_TASK PROMPT_
Only one stretch of the data should be retyped: the lines from the line containing "Escritorio de melamina" through the line containing "오는 31일까지 진행되는". Keep pictures out of it.

_MATERIAL TO PROCESS_
——————————
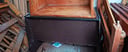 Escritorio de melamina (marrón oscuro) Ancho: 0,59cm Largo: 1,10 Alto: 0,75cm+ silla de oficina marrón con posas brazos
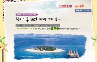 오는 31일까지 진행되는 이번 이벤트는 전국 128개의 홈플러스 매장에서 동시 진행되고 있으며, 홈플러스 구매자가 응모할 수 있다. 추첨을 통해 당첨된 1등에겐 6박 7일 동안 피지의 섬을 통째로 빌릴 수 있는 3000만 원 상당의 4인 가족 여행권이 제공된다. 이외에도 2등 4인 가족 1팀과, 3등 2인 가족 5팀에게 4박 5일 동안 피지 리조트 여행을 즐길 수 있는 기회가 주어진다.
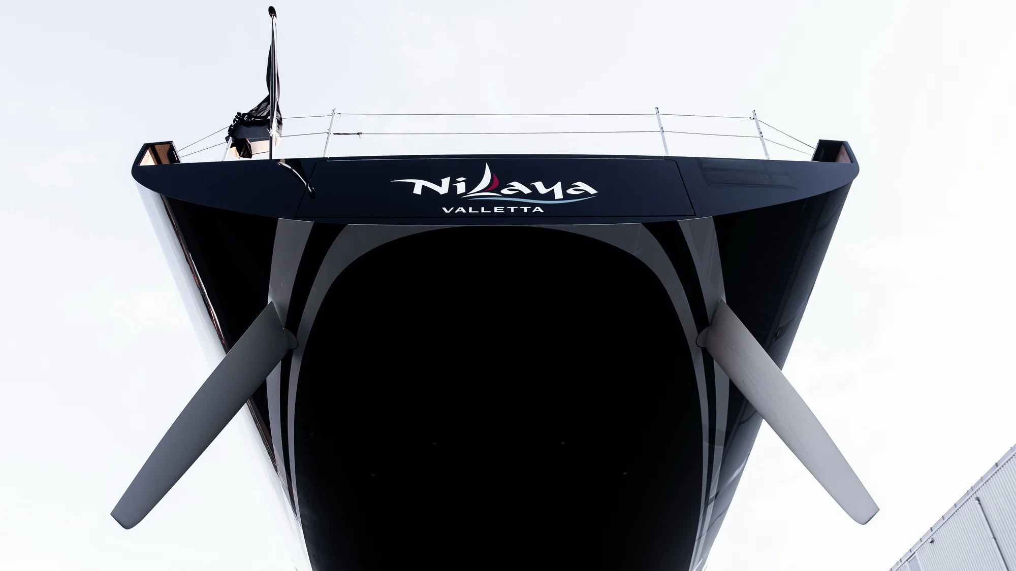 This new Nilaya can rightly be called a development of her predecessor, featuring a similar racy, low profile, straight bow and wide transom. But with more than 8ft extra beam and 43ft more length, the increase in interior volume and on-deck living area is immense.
——————————
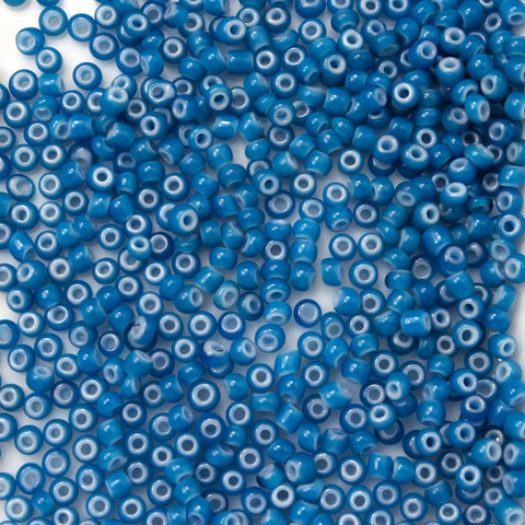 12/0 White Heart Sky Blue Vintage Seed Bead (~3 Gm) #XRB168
——————————
_RESULT_
 Escritorio de melamina (marrón oscuro) Ancho: 0,59cm Largo: 1,10 Alto: 0,75cm+ silla de oficina marrón con posas brazos
 오는 31일까지 진행되는 이번 이벤트는 전국 128개의 홈플러스 매장에서 동시 진행되고 있으며, 홈플러스 구매자가 응모할 수 있다. 추첨을 통해 당첨된 1등에겐 6박 7일 동안 피지의 섬을 통째로 빌릴 수 있는 3000만 원 상당의 4인 가족 여행권이 제공된다. 이외에도 2등 4인 가족 1팀과, 3등 2인 가족 5팀에게 4박 5일 동안 피지 리조트 여행을 즐길 수 있는 기회가 주어진다.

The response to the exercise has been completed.